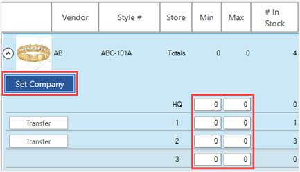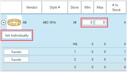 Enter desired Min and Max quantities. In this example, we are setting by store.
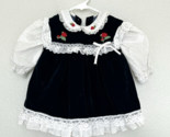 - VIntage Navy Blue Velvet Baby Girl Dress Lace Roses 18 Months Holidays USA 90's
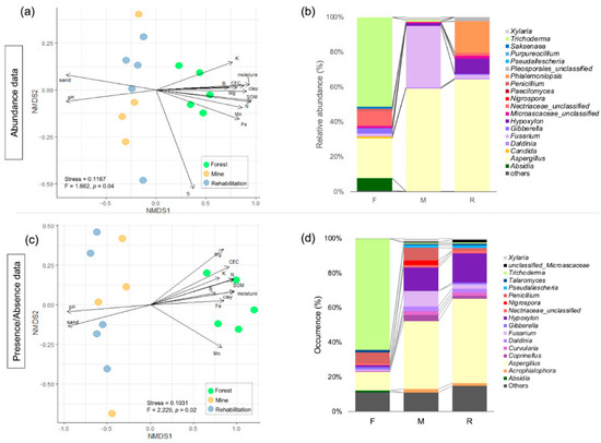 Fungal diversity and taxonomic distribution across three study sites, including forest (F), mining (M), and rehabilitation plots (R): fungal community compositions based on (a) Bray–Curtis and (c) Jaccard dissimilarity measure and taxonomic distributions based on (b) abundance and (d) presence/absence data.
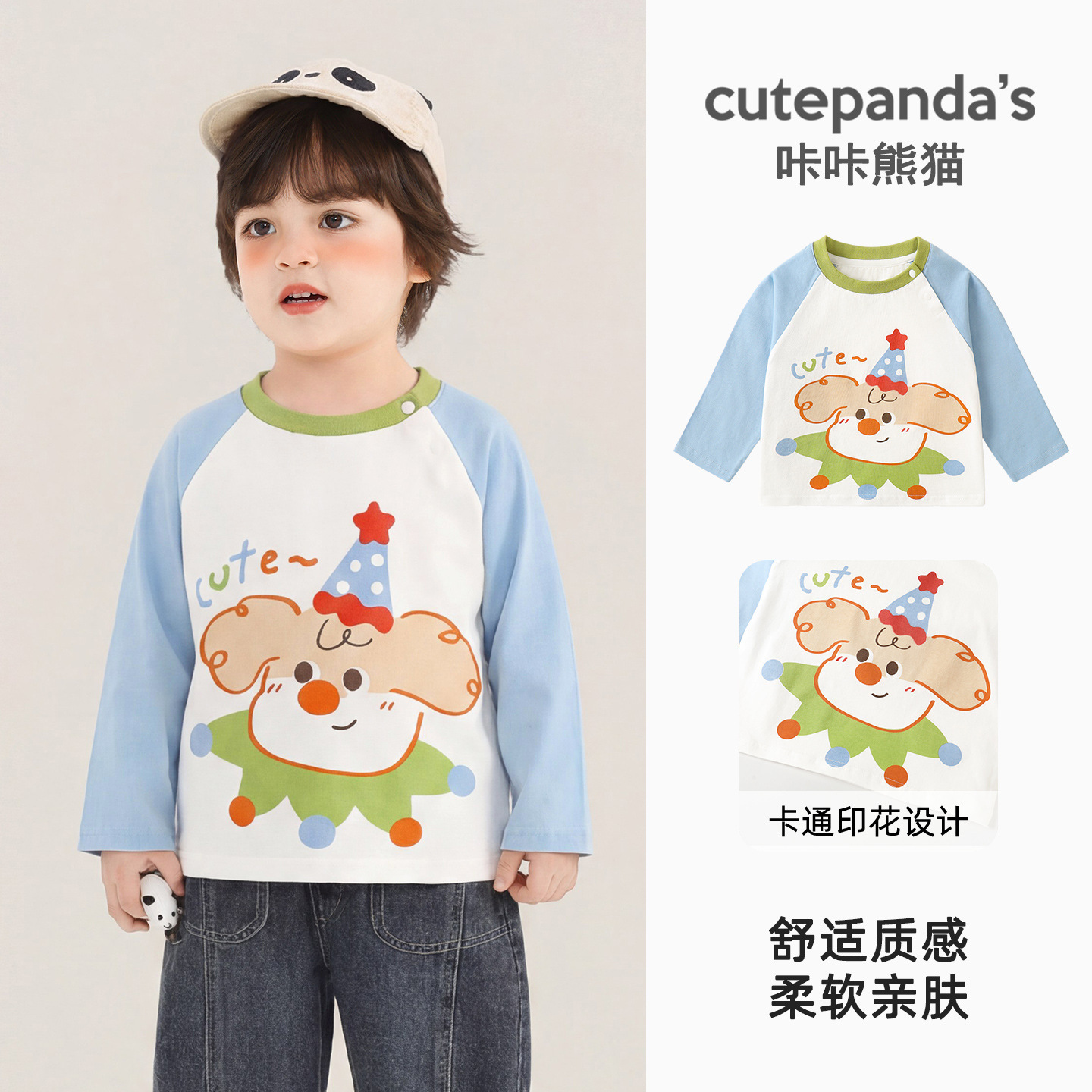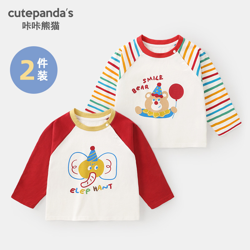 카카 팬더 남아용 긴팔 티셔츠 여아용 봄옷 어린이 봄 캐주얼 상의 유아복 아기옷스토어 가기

YOUR ASSIGNMENT:
Repeat the listing exactly, minus its pictures.

SOLVED EXERCISE:
 Enter desired Min and Max quantities. In this example, we are setting by store.
 - VIntage Navy Blue Velvet Baby Girl Dress Lace Roses 18 Months Holidays USA 90's
 Fungal diversity and taxonomic distribution across three study sites, including forest (F), mining (M), and rehabilitation plots (R): fungal community compositions based on (a) Bray–Curtis and (c) Jaccard dissimilarity measure and taxonomic distributions based on (b) abundance and (d) presence/absence data.
 카카 팬더 남아용 긴팔 티셔츠 여아용 봄옷 어린이 봄 캐주얼 상의 유아복 아기옷스토어 가기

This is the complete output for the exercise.